Standby letters of credit, not reflected in the accompanying
consolidated financial statements, aggregated approximately $2.8 million at June
30, 2002.
The Company has employment and consulting agreements with various key
employees providing for minimum combined annual compensation over the next two
fiscal years ranging from $840 thousand in 2003 to $320 thousand in 2004.

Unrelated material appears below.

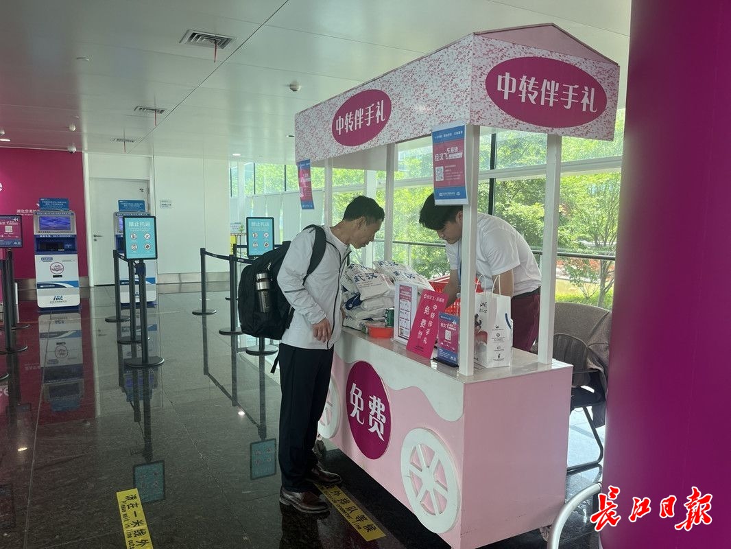 “经汉飞·乐易转”中转服务台前,不时有中转旅客前来咨询办理业务,一旁的“中转伴手礼”柜台,堆着一桌子中转礼品,诚意满满地迎接中转旅客到来。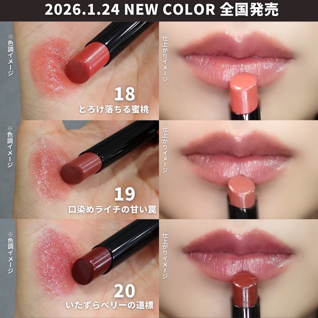 - <01 欲望の塊> テトライソステアリン酸ジペンタエリスリチル、トリ(カプリル酸/カプリン酸)グリセリル、オクチルドデカノール、ラウロイルグルタミン酸ジ(フィトステリル/オクチルドデシル)、ビスアルキル(C16-18)グリセリルウンデシルジメチコン、イソノナン酸イソトリデシル、水添ポリイソブテン、ラウロイルグルタミン酸ジ(オクチルドデシル/フィトステリル/ベヘニル)、パラフィン、合成ワックス、ダイマージリノール酸(フィトステリル/イソステアリル/セチル/ステアリル/ベヘニル)、マイクロクリスタリンワックス、水添マイクロクリスタリンワックス、ヒドロキシステアリン酸エチルヘキシル、トコフェロール、ホホバ種子油、オリーブ果実油、アーモンド油、(エチレン/プロピレン)コポリマー、ポリエチレン、ジメチコン、(+/-)(チタン/酸化チタン)焼結物、マイカ、ラウロイルアスパラギン酸Na、ラウロイルリシン、塩化亜鉛、酸化チタン、酸化鉄、水酸化Al、硫酸Ba、トリイソステアリン酸イソプロピルチタン、酸化スズ、ホウケイ酸(Ca/Al)、合成フルオロフロゴパイト、黄4、黄5、赤104(1)、赤201、赤202 <02 ピンクバナナ> テトライソステアリン酸ジペンタエリスリチル、トリ(カプリル酸/カプリン酸)グリセリル、オクチルドデカノール、ラウロイルグルタミン酸ジ(フィトステリル/オクチルドデシル)、ビスアルキル(C16-18)グリセリルウンデシルジメチコン、イソノナン酸イソトリデシル、水添ポリイソブテン、ラウロイルグルタミン酸ジ(オクチルドデシル/フィトステリル/ベヘニル)、パラフィン、合成ワックス、ダイマージリノール酸(フィトステリル/イソステアリル/セチル/ステアリル/ベヘニル)、マイクロクリスタリンワックス、水添マイクロクリスタリンワックス、ヒドロキシステアリン酸エチルヘキシル、トコフェロール、ホホバ種子油、オリーブ果実油、アーモンド油、(エチレン/プロピレン)コポリマー、ポリエチレン、ジメチコン、(+/-)(チタン/酸化チタン)焼結物、マイカ、ラウロイルアスパラギン酸Na、ラウロイルリシン、塩化亜鉛、酸化チタン、酸化鉄、水酸化Al、硫酸Ba、トリイソステアリン酸イソプロピルチタン、酸化スズ、ホウケイ酸(Ca/Al)、合成フルオロフロゴパイト、黄4、黄5、赤104(1)、赤201、赤202 <03 陽炎> テトライソステアリン酸ジペンタエリスリチル、トリ(カプリル酸/カプリン酸)グリセリル、オクチルドデカノール、ラウロイルグルタミン酸ジ(フィトステリル/オクチルドデシル)、ビスアルキル(C16-18)グリセリルウンデシルジメチコン、イソノナン酸イソトリデシル、水添ポリイソブテン、ラウロイルグルタミン酸ジ(オクチルドデシル/フィトステリル/ベヘニル)、パラフィン、合成ワックス、ダイマージリノール酸(フィトステリル/イソステアリル/セチル/ステアリル/ベヘニル)、マイクロクリスタリンワックス、水添マイクロクリスタリンワックス、ヒドロキシステアリン酸エチルヘキシル、トコフェロール、ホホバ種子油、オリーブ果実油、アーモンド油、(エチレン/プロピレン)コポリマー、ポリエチレン、ジメチコン、(+/-)(チタン/酸化チタン)焼結物、マイカ、ラウロイルアスパラギン酸Na、ラウロイルリシン、塩化亜鉛、酸化チタン、酸化鉄、水酸化Al、硫酸Ba、トリイソステアリン酸イソプロピルチタン、酸化スズ、ホウケイ酸(Ca/Al)、合成フルオロフロゴパイト、黄4、黄5、赤104(1)、赤201、赤202 <04 パンプキンワイン> テトライソステアリン酸ジペンタエリスリチル、トリ(カプリル酸/カプリン酸)グリセリル、オクチルドデカノール、ラウロイルグルタミン酸ジ(フィトステリル/オクチルドデシル)、ビスアルキル(C16-18)グリセリルウンデシルジメチコン、イソノナン酸イソトリデシル、水添ポリイソブテン、ラウロイルグルタミン酸ジ(オクチルドデシル/フィトステリル/ベヘニル)、パラフィン、合成ワックス、ダイマージリノール酸(フィトステリル/イソステアリル/セチル/ステアリル/ベヘニル)、マイクロクリスタリンワックス、水添マイクロクリスタリンワックス、ヒドロキシステアリン酸エチルヘキシル、トコフェロール、ホホバ種子油、オリーブ果実油、アーモンド油、(エチレン/プロピレン)コポリマー、ポリエチレン、ジメチコン、(+/-)(チタン/酸化チタン)焼結物、マイカ、ラウロイルアスパラギン酸Na、ラウロイルリシン、塩化亜鉛、酸化チタン、酸化鉄、水酸化Al、硫酸Ba、トリイソステアリン酸イソプロピルチタン、酸化スズ、ホウケイ酸(Ca/Al)、合成フルオロフロゴパイト、黄4、黄5、赤104(1)、赤201、赤202 <05 ダークフィグ> テトライソステアリン酸ジペンタエリスリチル、トリ(カプリル酸/カプリン酸)グリセリル、オクチルドデカノール、ラウロイルグルタミン酸ジ(フィトステリル/オクチルドデシル)、ビスアルキル(C16-18)グリセリルウンデシルジメチコン、イソノナン酸イソトリデシル、水添ポリイソブテン、ラウロイルグルタミン酸ジ(オクチルドデシル/フィトステリル/ベヘニル)、

There are various claims, lawsuits and pending actions against the
Company and its subsidiaries in the normal course of the operations of its
businesses. The Company believes many of these proceedings are covered in whole
or in part by insurance and that none of these matters will have a material
adverse effect on its consolidated financial position or results of operations
in any given period.
The Company has a lawsuit filed by Reliance National Indemnity Company
("Reliance") relating to one trucker's liability insurance policy. The Company
disagrees with Reliance and has vigorously defended this lawsuit. The Company
has been advised that Reliance has decided to dismiss its cause of action
against the company and it is in the process of closing this litigation.

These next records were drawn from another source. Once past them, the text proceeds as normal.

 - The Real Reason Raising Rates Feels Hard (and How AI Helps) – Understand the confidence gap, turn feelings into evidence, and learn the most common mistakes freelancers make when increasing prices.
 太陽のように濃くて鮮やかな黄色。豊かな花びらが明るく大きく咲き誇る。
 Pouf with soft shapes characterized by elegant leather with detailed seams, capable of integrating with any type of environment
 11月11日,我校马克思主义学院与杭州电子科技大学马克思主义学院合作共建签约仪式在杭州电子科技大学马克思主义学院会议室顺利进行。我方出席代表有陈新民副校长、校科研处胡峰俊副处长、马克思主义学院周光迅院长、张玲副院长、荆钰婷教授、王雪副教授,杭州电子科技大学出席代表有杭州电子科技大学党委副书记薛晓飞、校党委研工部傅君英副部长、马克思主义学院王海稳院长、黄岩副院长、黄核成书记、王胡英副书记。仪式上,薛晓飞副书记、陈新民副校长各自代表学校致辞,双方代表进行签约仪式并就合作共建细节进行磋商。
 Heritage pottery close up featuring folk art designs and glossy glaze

We are a party to routine litigation incidental to its business,
primarily involving claims for bodily injury or property damage incurred in the
transportation of freight. We are responsible for the safe delivery of cargo. As
of July 2002, we are self-insured on auto liability claims for the first one
million dollars of an accident claim and for this year Celadon is also
responsible for a one million dollar aggregate corridor deductible on the second
one million dollar layer of auto liability insurance coverage, plus
administrative expenses, for each occurrence involving personal injury or
property damage. We are also self-insured for its physical damage losses, and
workers compensation losses and responsible for the first $100,000 on cargo
claims. We maintain separate insurance in Mexico consisting of bodily injury and
property damage coverage with acceptable deductibles. Management believes its
uninsured exposure is reasonable for the transportation industry. Consequently,
we do not believe that the litigation and claims experienced will have a
material impact on our financial position or results of operations.
40
CELADON GROUP, INC.
NOTES TO CONSOLIDATED FINANCIAL STATEMENTS - (CONTINUED)
JUNE 30, 2002
Shortages of fuel, increases in fuel prices or rationing of petroleum
products can have a materially adverse effect on the operations and
profitability of the Company. The Company cannot predict whether high fuel price
levels will continue in the future or the extent to which fuel surcharges will
be collected to offset such increases. During the years ended June 30, 2002 and
2001, the Company recognized approximately $100 thousand of expense and $405
thousand of income, respectively on futures contracts and commodity collar
transactions which is included in fuel expense.
(11) INCOME TAXES
The income tax provision (benefit) for operations in 2002, 2001 and
2000 consisted of the following (in thousands):
2002 2001 2000
---- ---- ----
Current:
Federal ......................................................... $--- $--- $---
State and local................................................... 97 244 236
Foreign........................................................... 90 --- 709
------ ------- -------
Total Current $187 $244 $945
------ ------- -------
Deferred:
Federal ......................................................... 740 (2,638) (1,209)
State and local................................................... 39 (232) (531)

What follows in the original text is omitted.